Hello 3.5 readers. BQB here
Have you ever wondered how you can become a mad scientist, just like my former mentor/current frenemy, the illustrious Dr. Hugo Von Scientist?
Of course you have. Therefore, from BQB HQ in Fabulous East Randomtown, it’s the Top Ten Ways You Can Become a Mad Scientist, Just Like Doctor Hugo Von Science:
#10 – Laugh Maniacally Over Everything…
…especially when the world gives you the slightest advantage. Drive-thru gave you an extra large fry instead of the small you ordered at no additional cost?
That’s not just a win. That’s a reason to laugh maniacally. “Yes, with the energy these extra fried potatoes, I shall conquer the world! Muah ha ha ha!”
#9 – Always Monologue
It’s not just enough to laugh maniacally. You must also spell out the advantage you received that made you laugh in a maniacal manner. See above where you explain why getting extra fries helps you.
#8 – Always Have a Plan for World Domination
Mad scientists often begin as regular scientists who feel their genius is unappreciated. After years of study, they tend to receive years of neglect with no one giving them so much as a pat on the back for a job well done when it comes to their science-ing. Thus, they become jaded and turn their science skills toward evil instead of good.
In fact, hug a scientist today. You never know. You might just stave of a plot for global domination by doing so.
#7 – Have a Lair
Could be your basement, an abandoned warehouse, any rusty old claptrap will do.
#6 – Have Many Bubbling Potions
It’s not really a good idea to leave poisonous chemicals lying around, but you should at least give the appearance to the world that you don’t give an F. Maybe just fill up some beakers full of Mountain Dew and Diet Shasta Orange.
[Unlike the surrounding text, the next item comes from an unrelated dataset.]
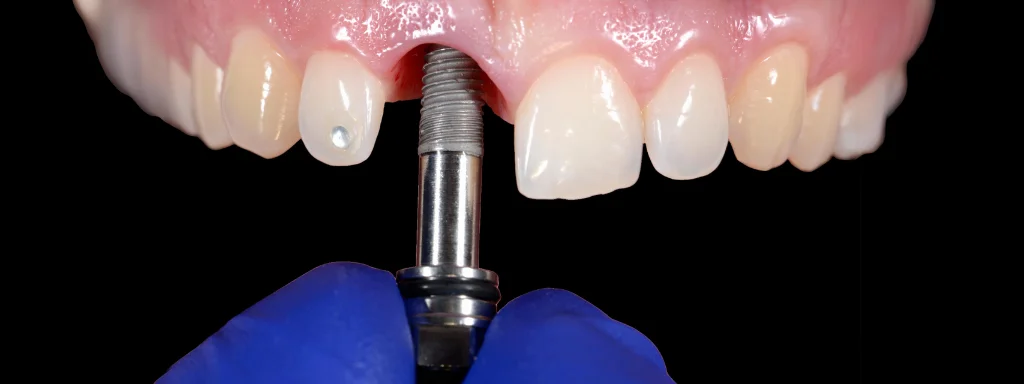 ➤ Dental implants are a permanent solution for missing teeth, replacing both the root and the crown. This surgical procedure involves implanting a titanium post into the jawbone, providing a sturdy foundation for a natural-looking artificial tooth.

You know what? Skip this part. Don’t do it. Don’t mess with chemicals or even pretend to. My lawyer says I can’t afford that kind of hassle.
#5 – Be German
The best mad scientists are always German. Stereotype? Maybe. Leftover fear of Nazi experiments gone awry? Surely. All I know is that if you are German or can fake a good German accent, you will move up to the very tip top of the mad scientist game.
Deny all you want but you’ve never heard of a famous mad scientist who sounded like he was from North Dakota, have you? “Ohh yah, I’m gonna take over the world, don’t you know?”
Nope. Never happens.
#4 – Have Crazy Hair
Dr. Hugo does not have crazy hair but you should. The crazier the better. Your hair should always look like it was destroyed by your latest experiment.
#3 – Have a Pet Sidekick
Really, a mad scientist is not complete without a chimpanzee nearby waiting to hand him all the instruments of destruction he needs.
#2 – Never Be Seen Without Your Lab Coat On
Can you think of a good mad scientist who didn’t wear a white lab coat?
#1 – Do Crazy Science Shit
This goes without saying. Obviously, for legal reasons, I can’t advise you to use science for the purposes of global domination but…you know, it’s pretty much what mad scientists do so…you know what? Forget this. Don’t break the law. Don’t be a mad scientist. Be a nice, sane scientist. Use science to help people. Don’t be like Dr. Hugo Von Science. He sucks.